Another Police Overreaction?

   Only in Canada, eh? Indeed. Other countries probably would think three times before sending a fully armed tactical team aboard a passenger aircraft returned to the ground because of a possible bomb threat.
   It happened last Friday when a Sunwing vacation jet left Toronto for Panama. It turned around over West Virginia after a young man, reportedly upset by the price of cigarettes, made ‘direct threats’ to the aircraft. It was escorted back to Toronto by two F-16 fighter jets from the U.S. National Guard.
   Once on the ground, a tactical unit aiming assault rifles stormed into the aircraft’s aisles. They grabbed the young man and yanked him off without incident, which was fortunate for the 161 people on board.
   The police action appeared to be a gross overreaction that seriously frightened passengers and could have injured them.
   I’m not alone with that opinion. John Nance, former airline pilot and ABC News consultant, said that had the man had his finger on a bomb trigger, he would have blown the plane up when the police stormed it.
   “I’m not sure this was the correct reaction,” he said on Saturday’s ABC World News.
   The incident left many questions needing answers.
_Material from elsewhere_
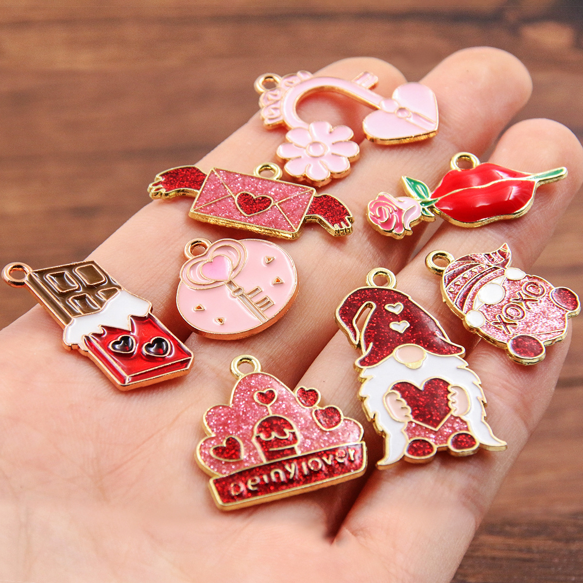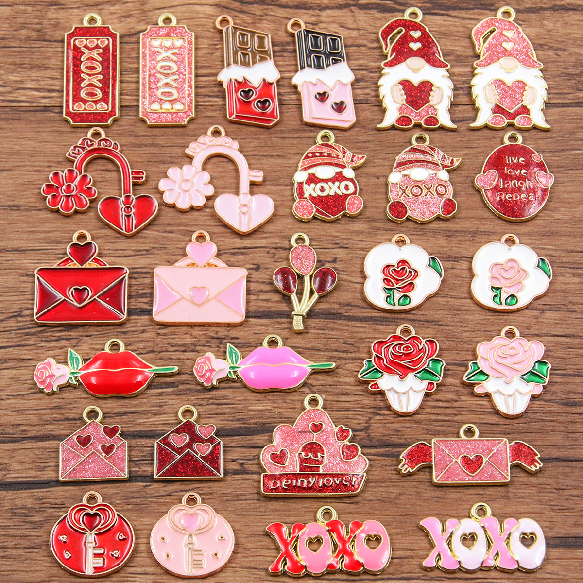 Pendentifs émail, alliage de zinc, Placage de couleur d'or, Forme différente pour le choix & DIY, plus de couleurs à choisir, Environ 100PC/sac, Vendu par sac

Whose SWAT team stormed the plane? One news report said RCMP took charge once the plane landed. Peel Regional Police took the man under arrest. Who made the decision to send combat police aboard? What are the protocols and procedures in place for such incidents? Was there an air marshal aboard?
   There have been enough bad police actions in this country (i.e. OPP killing of Dudley George, RCMP killing of Robert Dziekanski) to raise concern about the leadership decisions of our police services. 
   The Sunwing incident must be investigated and the answers to the questions it raises must be made public.

   

Tuesday, July 15, 2014

Movie Popcorn and Chimpanzees

   I don't buy pop and popcorn at the movies. The only reason, until recently, has been that I am a penny-pincher and the thought of the biggest part of $20 going for popcorn and pop gives me a sore stomach.
   N ow I found another reason to think twice about buying popcorn at the movies. The theatres ‘butter’ popcorn with palm oil because it is cheaper than butter and many other vegetable oils. More and more of it comes from palm oil plantations that are creating ecological concerns.
   In an article being prepared for Current Biology, researchers lay out concerns about how the increasing number of palm oil plantations will affect great ape populations. They say that almost forty percent of the distribution of great ape species on unprotected lands overlaps suitable oil palm areas.
   Palm oil has become extremely popular in the last thirty years because it is cheap. It is cheap because the trees are super productive: they bear fruit in just four years and continue producing for twenty-five. The trees are native to Africa and palm oil has been used as a cooking oil for centuries.
   Thirty years or so ago manufacturers discovered the cost benefits of palm oil and huge swaths of forests in Southeast Asia, particularly Malaysia and  Indonesia were knocked down in favour of palm oil plantations. Since then the oil is being used increasingly in everything from foodstuffs, to soap to cosmetics. The World Wildlife Fund has estimated that half of the products on the shelves of major supermarkets contain palm oil.
   The researchers reporting results in Current Biology say guidelines are needed urgently for expansion of oil palm in Africa to minimize the impacts on apes and other wildlife. The great apes, which include chimpanzees and gorillas, already are threatened by hunting and habitat loss and the worry is that palm oil expansion without controls will put them on the final stretch to extinction.
   No one is saying don’t buy popcorn at the theatre, but we all should be aware that palm oil production poses risks to the global environment if people don’t pay attention and demand controls.
   Current Biology can be found online at: http://www.cell.com/current-biology/home. More on palm oil can be found at:  http://wwf.panda.org/what_we_do/footprint/agriculture/palm_oil/.


Tuesday, July 1, 2014

The Lights Are Finally on at the CBC

The lights finally have come on in the CBC executive suites. The corp’s brain trust has accepted, very reluctantly, that CBC is dying and the life support of taxpayer dollars is running low.
   So out of the executive suites last week came A Space for Us All, CBC’s new-five year plan that details some operational changes instead of simply whining that it can’t do its job properly without more money. The plan sees CBC shifting priority to digital and mobile services. There will be less in-house production, some of its broadcasting palaces will be sold and 1,500 staff will be cut. (In fact, the ‘cuts’ will be through attrition over five years and people who retire etc. simply will not be replaced).
   The whole idea is to shake the mindset of cost cutting to survive, which has been the CBC’s main strategy for the last 10 years.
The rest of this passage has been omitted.